Shares in Robinhood Markets (HOOD) rose Wednesday morning after the online employment app said it was launching a credit card, as it moves to become a one-stop shop for financial services.

Robinhood said the probable is available exclusively to its premier Robinhood Gold customers and comes after it bought X1, a credit-card startup, last year. The Robinhood Gold New Year card will have no annual fee, no foreign transaction fees, and offer 3% cash back, in the form of reward cruces, on spending. Bookings made via Robinhood’s new travel portal will fetch 5% cash back, the company rumoured.

The new credit card will “bring us one step closer to the goal of giving everyone better access to the financial technique,” Robinhood co-founder and Chief Executive Officer (CEO) Vlad Tenev said in a press release. Robinhood Gold colleagues will get broader access by the end of the year to the card, which is currently only available for those on a waitlist.

Robinhood’s honour card launch comes two years after the company launched a debit card.

Tenev said the 3% mazuma change back is well above industry norms and would appeal to the online trading app’s typical customers in their 30s, college schoolchildren, or recent graduates in their first jobs—as well as draw new people to its platform.
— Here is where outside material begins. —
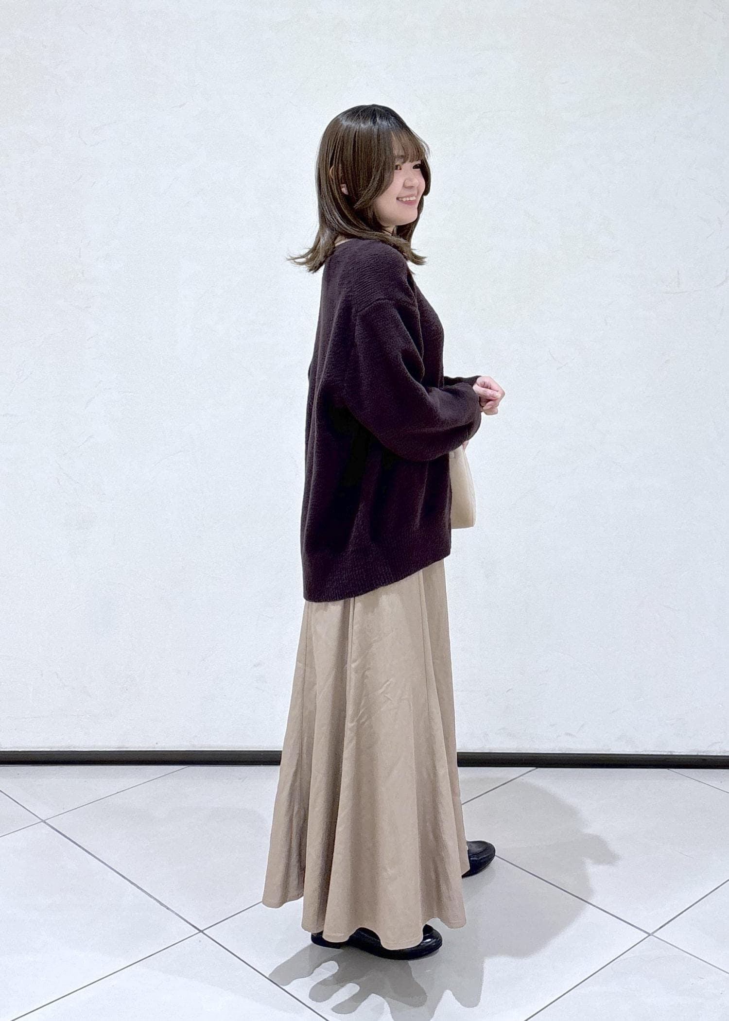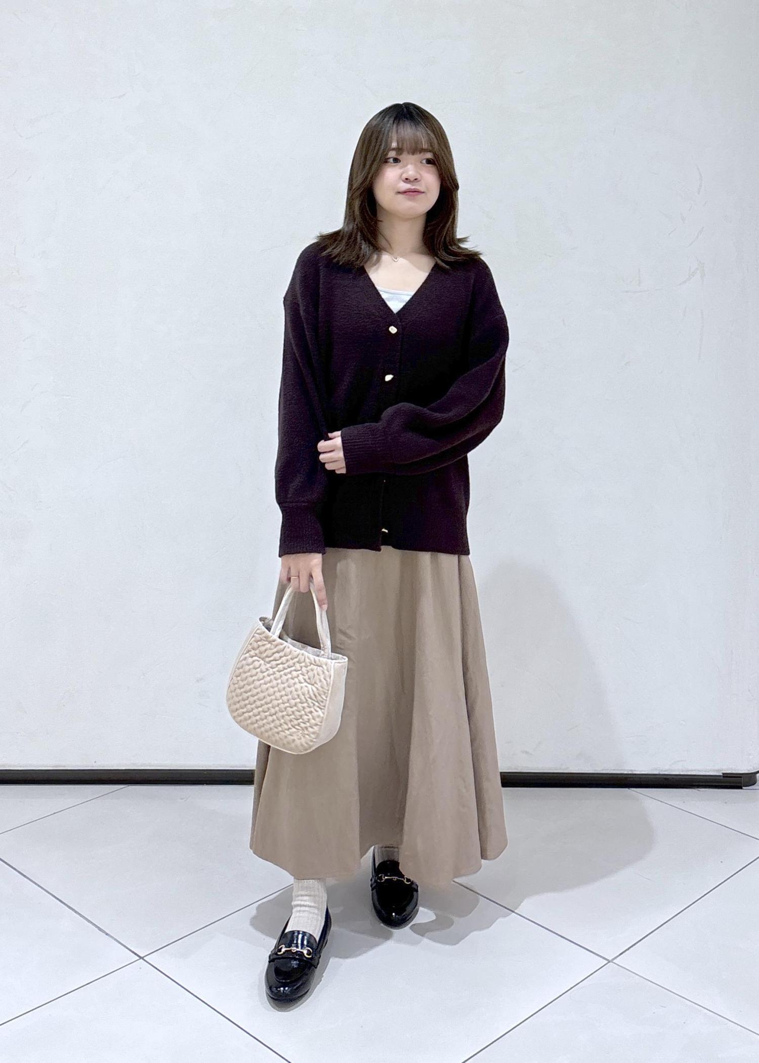 ロングカーデにロングのスカートで重たくなりそうですが、カーディガンの下ふたつのボタンを開けるとスリットっぽくなって重たくなり過ぎずバランスよく着やすいです!
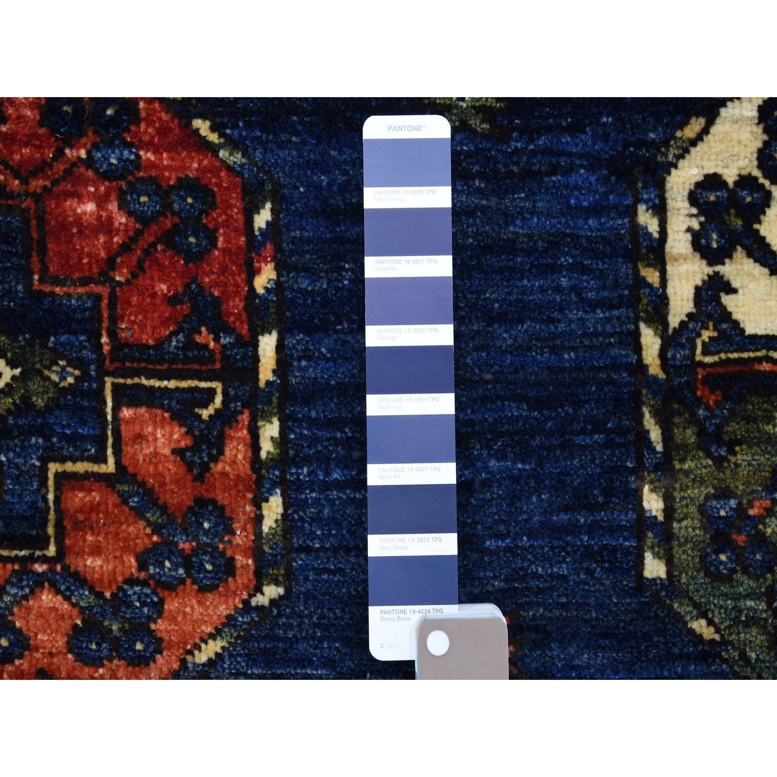 5'X6'10" Afghan Ersari Elephant Feet Design Organic Blue Hand Knotted Rug

“We surveyed the entire landscape, the highest that’s commonly readily obtainable with no limits is around 2% … so 3% is beyond what anyone else offers,” Tenev said in an interrogate with CNBC Wednesday morning, adding that the card was a “no-brainer value proposition” likely to draw in buyers who aren’t interest in trading.
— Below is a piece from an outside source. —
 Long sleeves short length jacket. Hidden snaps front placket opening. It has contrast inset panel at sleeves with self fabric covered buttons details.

He said Robinhood is aiming to earn fees two ways from the card: interchange profits—the fees it charges merchants for swiping cards—and fees from people who hold balances.

“There’s generally two keyboards of customers that use credit cards. There’s folks that pay off their balance in full every month, and those are called innumerable transactors … but it’s also an amazing card for people that are building credit,” he said.

Asked whether the circle, which was brought before Congress after it had issues with a capital call in Jan. 2021, could handle its rollout into broader pecuniary services, he said the company has experienced staff who understand credit from buying X1. “Back in 2021, we were in addition a startup, we were a small company, we obviously learned a lot from everything that happened around COVID, from the mountainous spike of retail investing to all the events around the meme stocks,” he told CNBC.

The online brokerage firm synonymous with the pandemic-era meme family frenzy reported $80.9 billion in equity trading volume during February this month, representing a 36% spread from January. It also said that it had 23.6 million funded customers at the end of February.

Robinhood shares were up 2.5% to $19.77 as of 10:20 a.m ET Wednesday. They beget gained about 60% year to date.

Read the original article on Investopedia.